### Task data
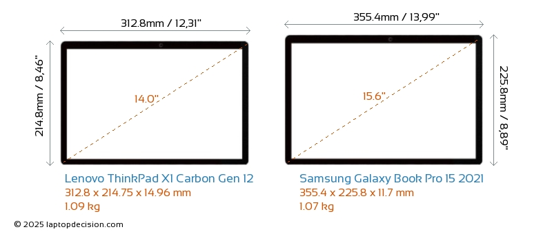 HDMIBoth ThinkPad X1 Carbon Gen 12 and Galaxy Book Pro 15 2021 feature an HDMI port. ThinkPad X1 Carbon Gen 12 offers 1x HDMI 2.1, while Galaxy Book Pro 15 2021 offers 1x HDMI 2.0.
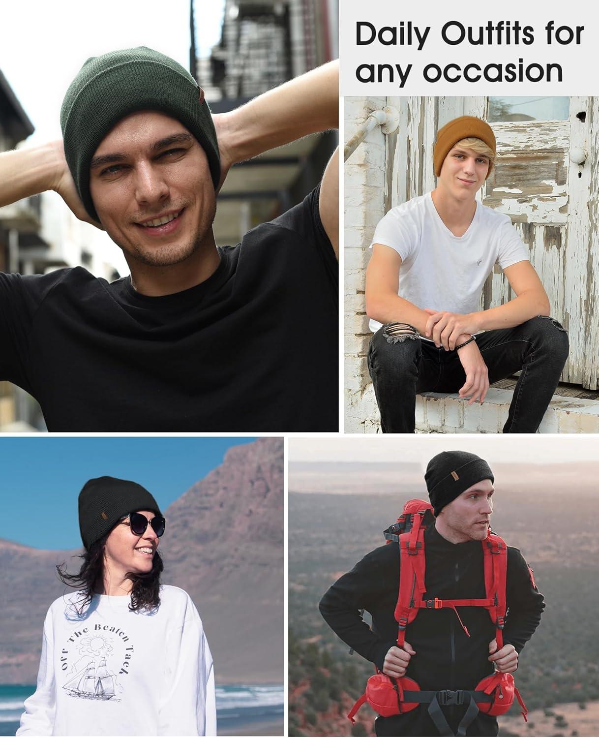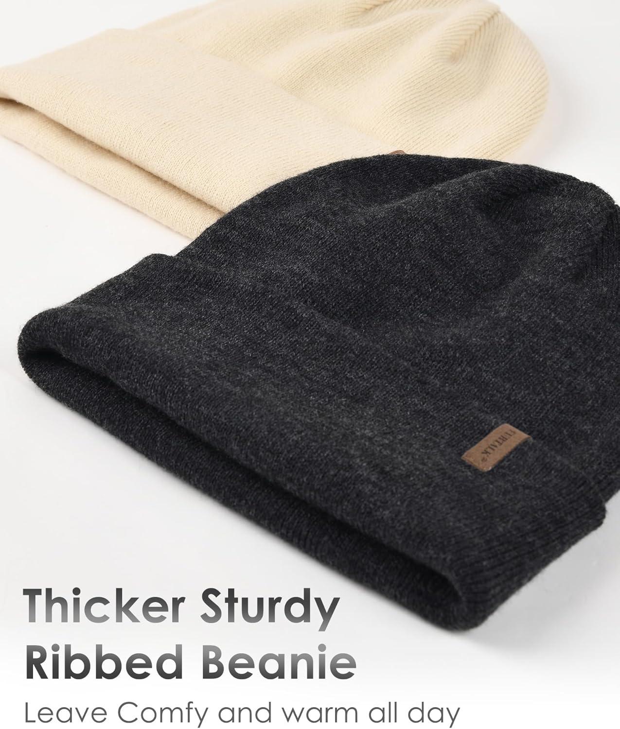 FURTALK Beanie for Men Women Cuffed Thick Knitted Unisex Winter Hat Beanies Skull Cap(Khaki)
---
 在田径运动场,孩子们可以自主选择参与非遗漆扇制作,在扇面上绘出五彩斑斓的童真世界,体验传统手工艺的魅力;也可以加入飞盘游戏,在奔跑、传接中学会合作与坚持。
---
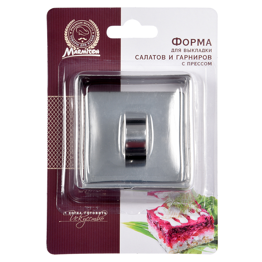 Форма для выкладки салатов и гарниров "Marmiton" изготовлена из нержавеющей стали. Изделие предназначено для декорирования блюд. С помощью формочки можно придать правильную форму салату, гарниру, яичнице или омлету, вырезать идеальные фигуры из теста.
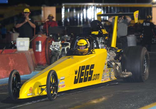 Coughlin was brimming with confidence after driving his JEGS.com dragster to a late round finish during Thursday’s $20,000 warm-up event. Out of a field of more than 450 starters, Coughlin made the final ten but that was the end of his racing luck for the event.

### Work item
Please output, exactly as written, the lines above from the one holding "HDMIBoth ThinkPad X1" through the one holding "FURTALK Beanie for", both included, with the pictures omitted.

### Solution to the exercise
 HDMIBoth ThinkPad X1 Carbon Gen 12 and Galaxy Book Pro 15 2021 feature an HDMI port. ThinkPad X1 Carbon Gen 12 offers 1x HDMI 2.1, while Galaxy Book Pro 15 2021 offers 1x HDMI 2.0.
 FURTALK Beanie for Men Women Cuffed Thick Knitted Unisex Winter Hat Beanies Skull Cap(Khaki)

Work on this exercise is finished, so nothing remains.